Problem details: Below, locate the line that contains "Παραθέτω μια απλή". Repeat exactly from that line to the line that contains "New Balance didn't", inclusive, leaving out the pictures.

Stored items:

↓↓↓

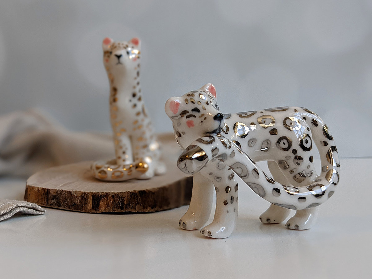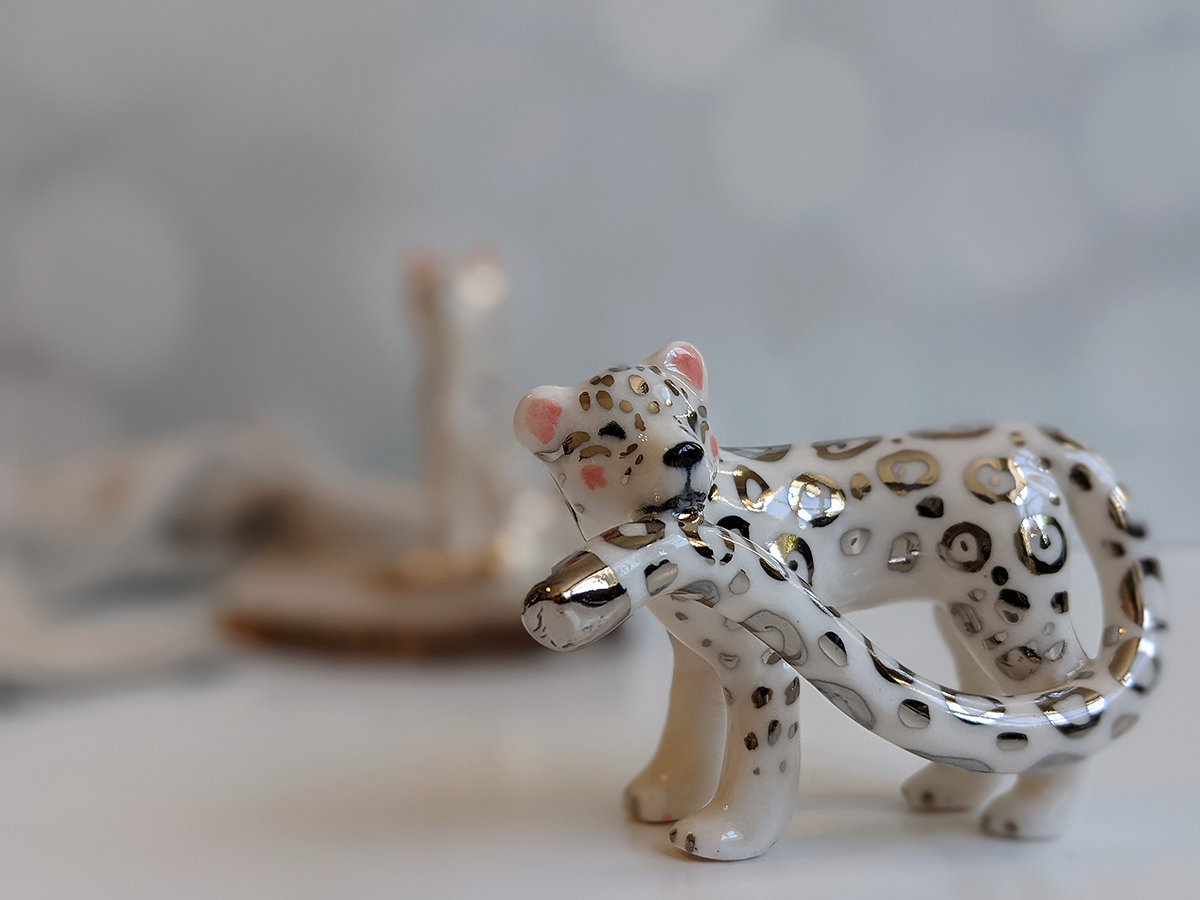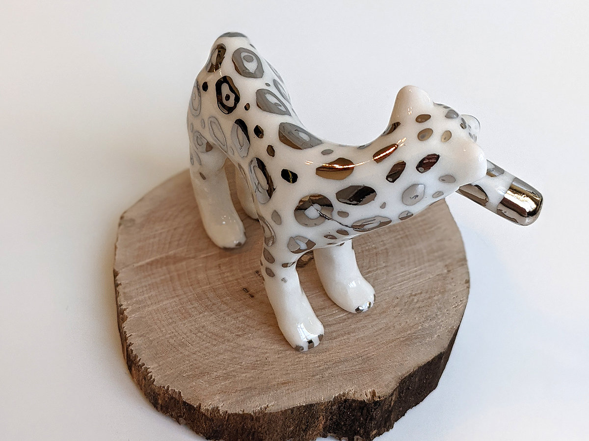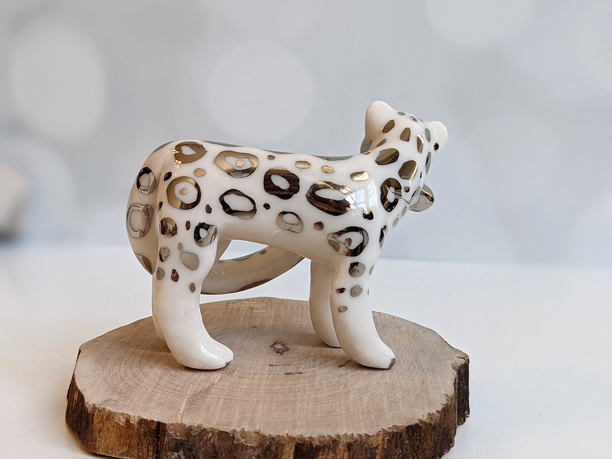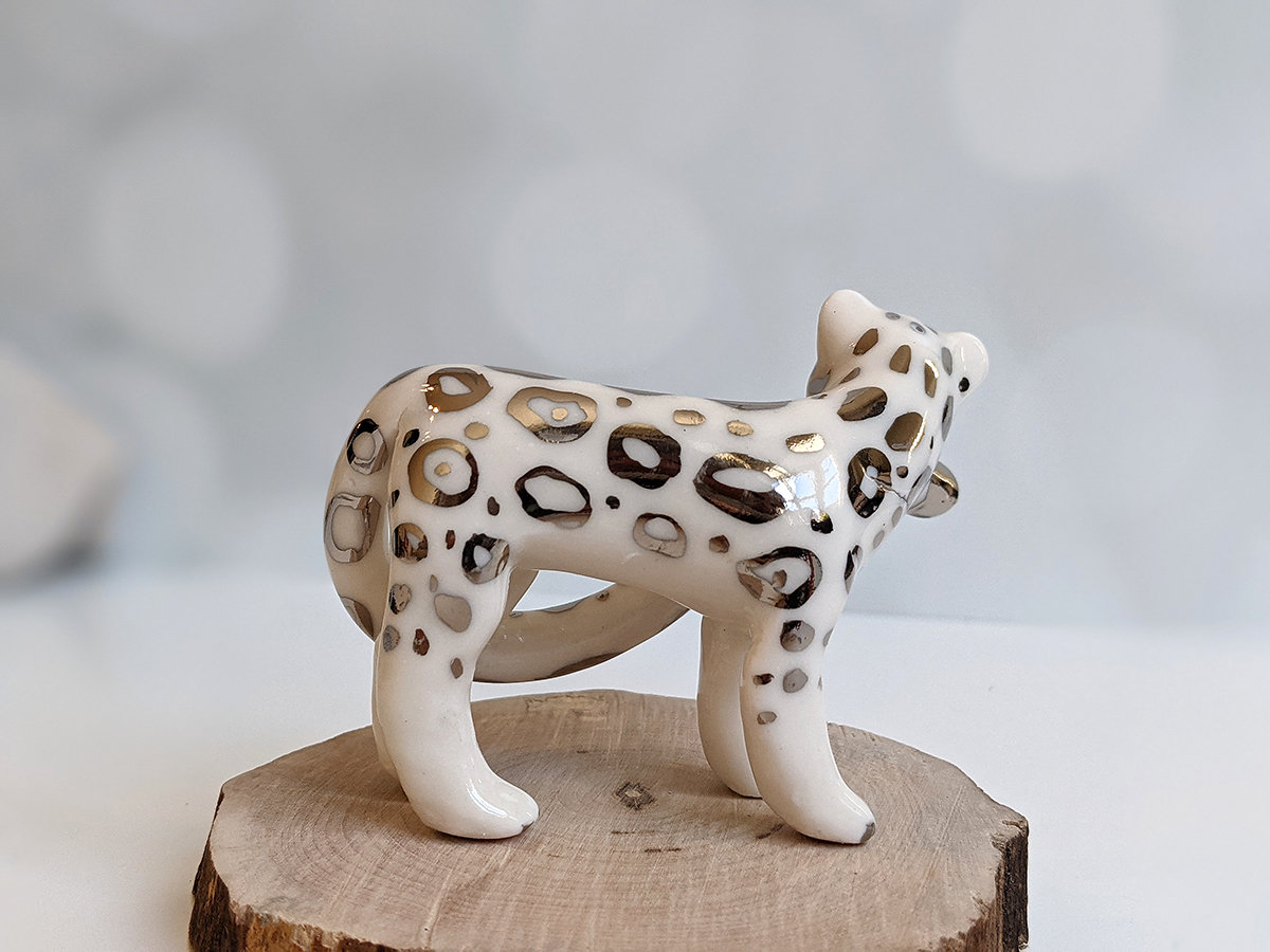 Porcelain Figurine : Snow Leopard + Tail – White Gold
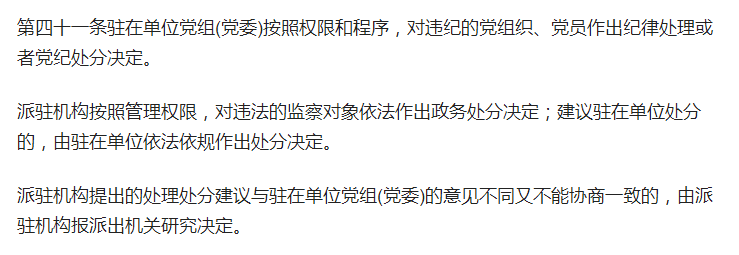 此外,根據(jù)《紀(jì)檢監(jiān)察機(jī)關(guān)派駐機(jī)構(gòu)工作規(guī)則》第41條”駐在單位黨組(黨委)按照權(quán)限和程序,對違紀(jì)的黨組織、黨員作出紀(jì)律處理或者黨紀(jì)處分決定。派駐機(jī)構(gòu)按照管理權(quán)限,對違法的監(jiān)察對象依法作出政務(wù)處分決定;建議駐在單位處分的,由駐在單位依法依規(guī)作出處分決定。派駐機(jī)構(gòu)提出的處理處分建議與駐在單位黨組(黨委)的意見不同又不能協(xié)商一致的,由派駐機(jī)構(gòu)報派出機(jī)關(guān)研究決定“規(guī)定,由于派駐監(jiān)督屬于“上對下”的監(jiān)督,派駐紀(jì)檢監(jiān)察組如提出不同意見,上述黨組織應(yīng)予充分重視并加強溝通,經(jīng)溝通仍不能形成一致意見的,一般應(yīng)報派出該派駐紀(jì)檢監(jiān)察組的紀(jì)委研究決定。
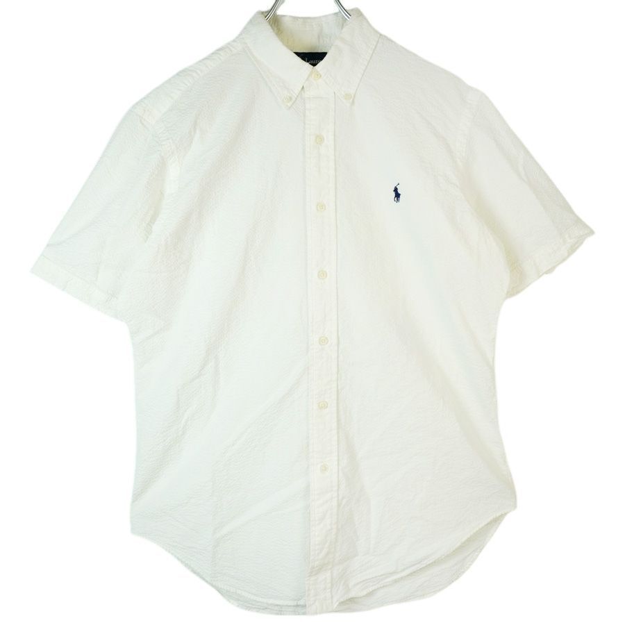 - ラルフローレンRalph Lauren半袖ボタンダウンシャツリップル生地ポニーロゴ刺繍ワンポイント白ホワイトClassicfitクラッシック40308
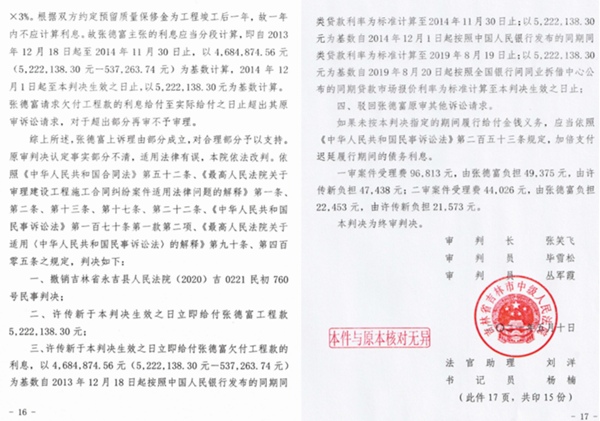 2015年,张德富将许传新的两个工程(大市场综合楼和北来顺商场)同时诉至永吉县法院。永吉县法院于2016年6月8日和5月24日分别作出了(2015)永民一初字第1031号和(2015)永民-初字第1032号两份判决书,分别判定许传新给付工程款694.4万元和487.2万元,两项合计1181.6万元。许传新不服一审判决,上诉至吉林中院,吉林中院通过开庭审理,做出判决,维持原判。而(2015)永民一初字第1032号判决是由刘任城主审,以双方当事人不同意做工程造价鉴定为由发回重审。发回重审后,永吉县法院副院长邓永刚主审以同样的理由改判,驳回张德富的全部诉讼请求(详见【2017】吉0221民初5号判决书)。无奈,张德富又上诉到吉林中院。2017年12月20日,吉林中院通过开庭审理,作出了(2017)吉02民终2522号终审判决,认定(2017)吉0221民初5号判决适用法律错误,依法判决许传新给付张德富工程款340多万元及利息。以上两判决均是终审判决并已经生效。
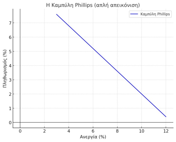 Παραθέτω μια απλή απεικόνιση της καμπύλης Phillips, όπου δείχνει την αντίστροφη σχέση μεταξύ ανεργίας (οριζόντιος άξονας) και πληθωρισμού (κατακόρυφος άξονας):
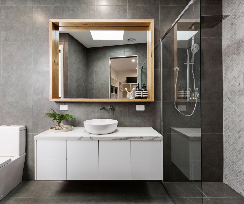 - nowoczesne, minimalistyczne meble łazienkowe,
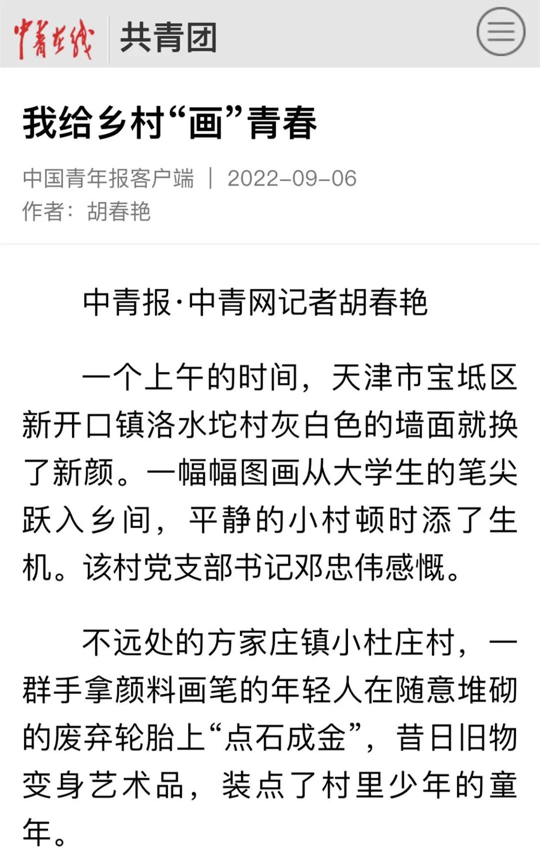 日前,中国青年报客户端报道beat365社会实践团的师生们走出课堂,来到乡村,围绕乡村振兴,以“青山绿水、家禽嬉戏、五谷丰登”为主题,将对美丽乡村的无尽畅想搬上墙面,激发乡村发展新活力。
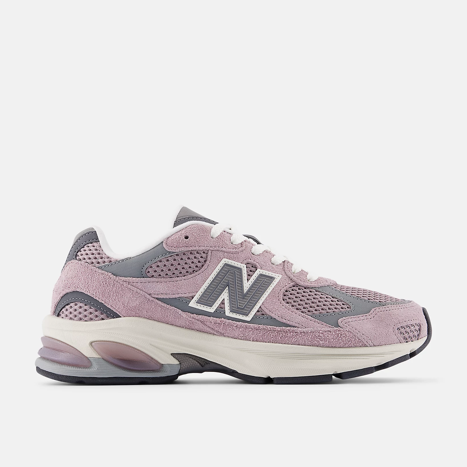 New Balance didn't have to look too far for inspiration for their newest silhouette, tapping into their own early-aughts design language for the all new ABZORB 2010 "Ice Wine/Castlerock". Combining the excitement of a progressive, all-new style with a sense of the familiar, the shoe pairs a pink diamond-knit mesh upper with tonal nubuck and grey synthetic overlays. The segmented ABZORB sole unit, a signature feature of several 2000s-era fan favorites, features more expansive proportions, becoming the centerpiece of this new design. A grey molded N logo on the sides and 2000s-era branding on the tongue and heel finish off the design.
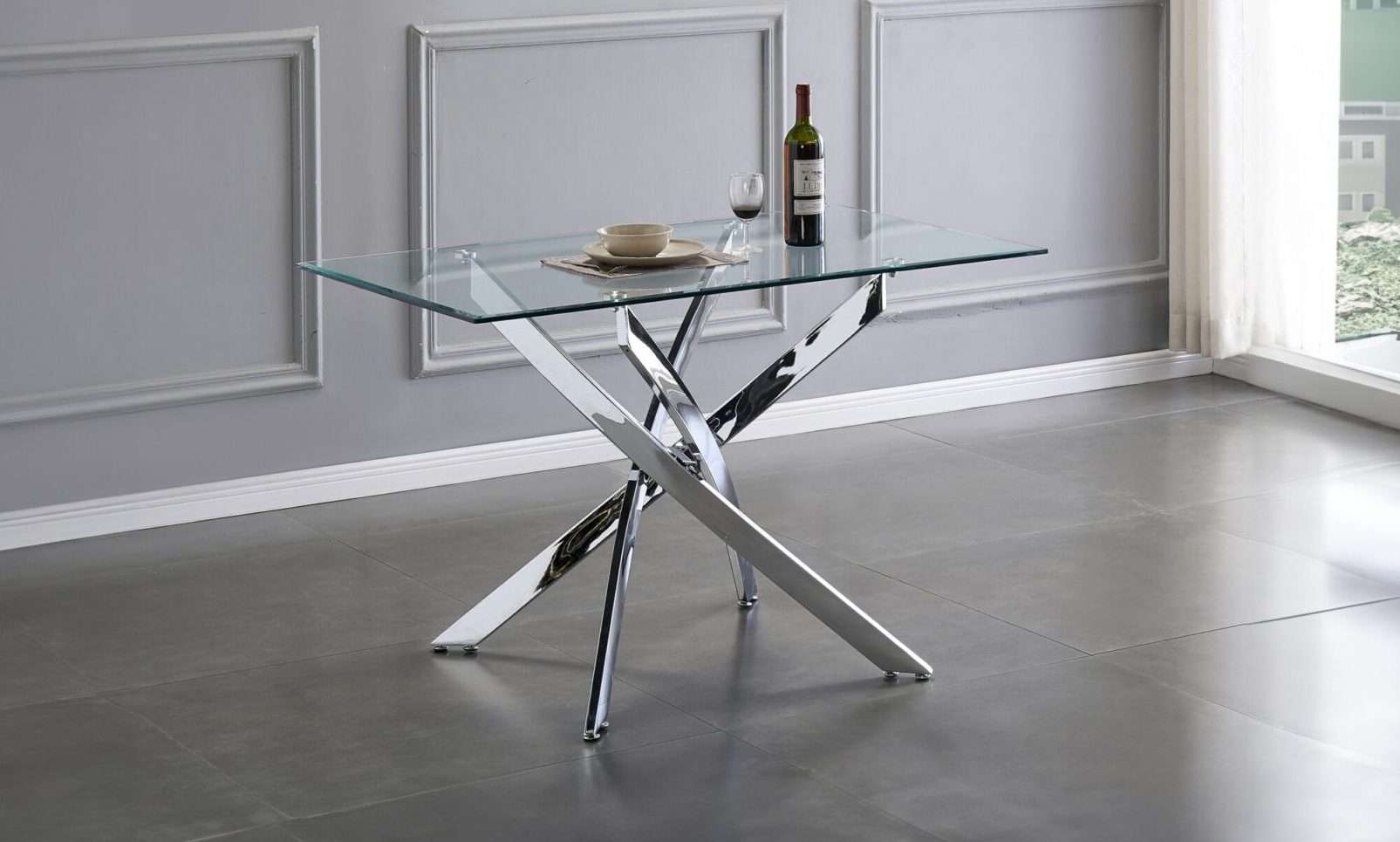 Elevate your dining experience with this modern dining table, featuring a sleek tempered clear glass top. The tempered glass provides a durable and stylish surface that is easy to clean and maintain. Supported by sturdy chrome legs, this table offers both stability and a contemporary aesthetic. The chrome legs add a touch of elegance and shine, complementing the clear glass top perfectly. Ideal for any dining space, this table seamlessly blends functionality with sophisticated design, making it a perfect centerpiece for family meals and entertaining guests.

↑↑↑

Response area:
 Παραθέτω μια απλή απεικόνιση της καμπύλης Phillips, όπου δείχνει την αντίστροφη σχέση μεταξύ ανεργίας (οριζόντιος άξονας) και πληθωρισμού (κατακόρυφος άξονας):
 - nowoczesne, minimalistyczne meble łazienkowe,
 日前,中国青年报客户端报道beat365社会实践团的师生们走出课堂,来到乡村,围绕乡村振兴,以“青山绿水、家禽嬉戏、五谷丰登”为主题,将对美丽乡村的无尽畅想搬上墙面,激发乡村发展新活力。
 New Balance didn't have to look too far for inspiration for their newest silhouette, tapping into their own early-aughts design language for the all new ABZORB 2010 "Ice Wine/Castlerock". Combining the excitement of a progressive, all-new style with a sense of the familiar, the shoe pairs a pink diamond-knit mesh upper with tonal nubuck and grey synthetic overlays. The segmented ABZORB sole unit, a signature feature of several 2000s-era fan favorites, features more expansive proportions, becoming the centerpiece of this new design. A grey molded N logo on the sides and 2000s-era branding on the tongue and heel finish off the design.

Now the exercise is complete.